Agnès Bricard, membre élu du Conseil Supérieur de l'Ordre des Experts-Comptables, présidente du club Secteur Public, présente sa candidature à annoncer sa candidature à la présidence de l'Ordre Paris Ile de France.

Rappelons qu'Agnès Bricard est à l'origine de nombreuses initiatives afin de faciliter et favoriser l'accès des PME aux marchés publics. Parmi ces nombreuses mesures qu'elle a mises en place nous pouvons mettre en avant les suivantes :

A ce titre, MarchesPublicsPME.com soutient la candidature d'Agnès Bricard à la présidence de l'Ordre Paris Ile-de-France et invite tous les experts comptables à voter pour la liste d'Agnès Bricard.

 

Voici le message annoncant la candidature d'Agnès Bricard que l'on peut lire sur son blog.

Chère consœur, cher confrère,


Ces dernières années, mes actions ordinales, en tant que Présidente de l'Ordre des Experts-Comptables Paris Ile-de France, puis comme membre élue du Conseil Supérieur et Présidente du Club Secteur Public, m'ont permis de mettre mon énergie et mes idées au service de la profession.

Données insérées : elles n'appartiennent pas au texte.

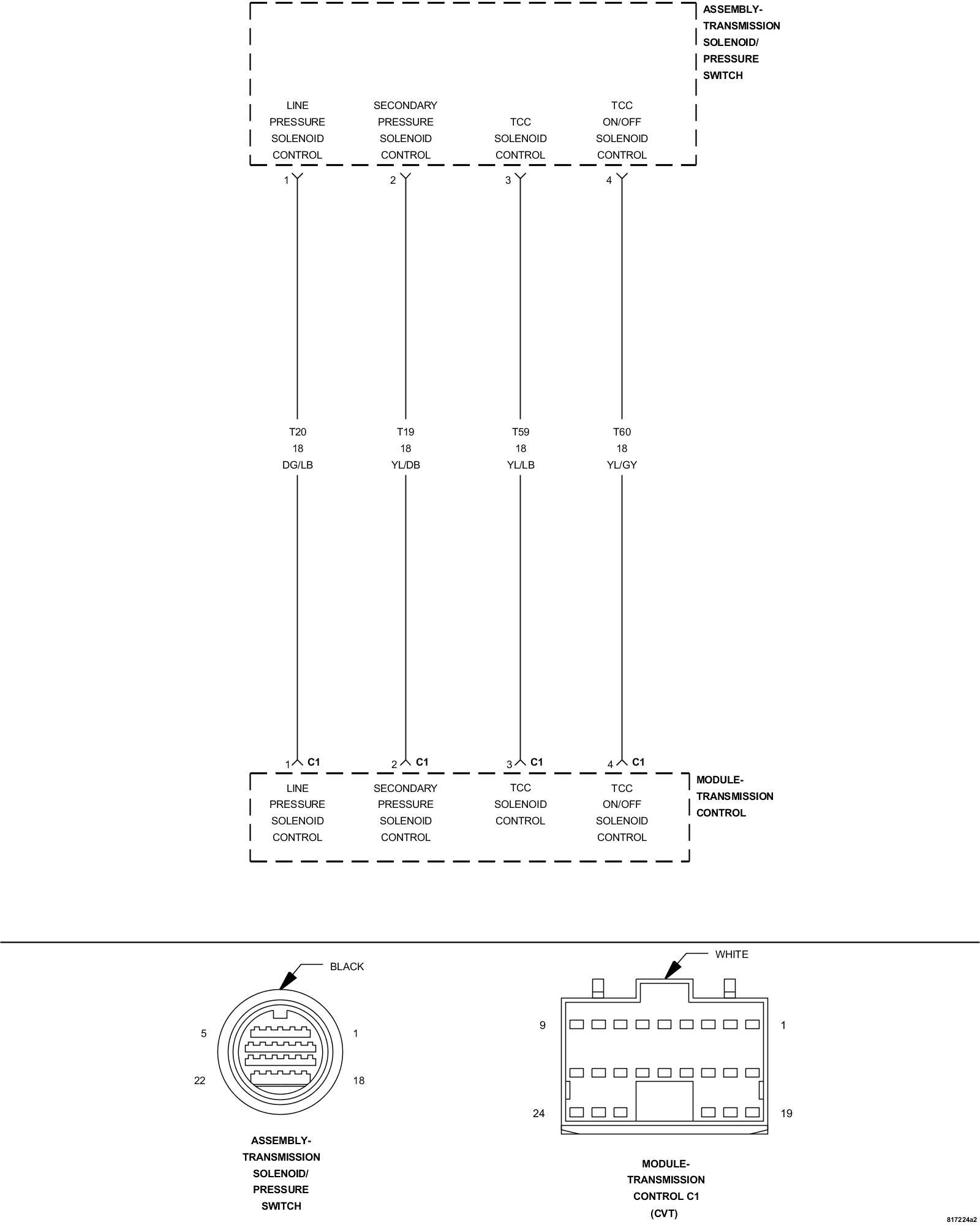 5. Using a test light connected to ground, check the (T19) Secondary Pressure Solenoid Control circuit in the Transmission Solenoid/Pressure Switch Assembly harness connector.

C'est dans la perspective d'un accompagnement aux évolutions de plus en plus rapides de notre environnement que j'ai déclaré ma candidature à la présidence de l'Ordre des Experts-Comptables Paris Ile-de-France le 28 juillet 2008.

J'ai décidé de m'appuyer sur une équipe talentueuse, soudée, forte de sa diversité pour faire bouger les lignes et fédérer les confrères qui aspirent au changement et à l'unité, au-delà même des appartenances syndicales.

Le 28 novembre prochain, date butoir des votes, votre choix doit être celui de l'expérience, du dynamisme et du changement, mais aussi et surtout celui de la capacité à mettre concrètement en œuvre sur le terrain des actions stratégiques et innovantes pour nos cabinets. L'avenir de notre profession en dépend !

Si vous souhaitez soutenir ma liste ou tout simplement me faire part d'idées ou de suggestions dans le cadre de la campagne qui démarre, n'hésitez pas à me contacter.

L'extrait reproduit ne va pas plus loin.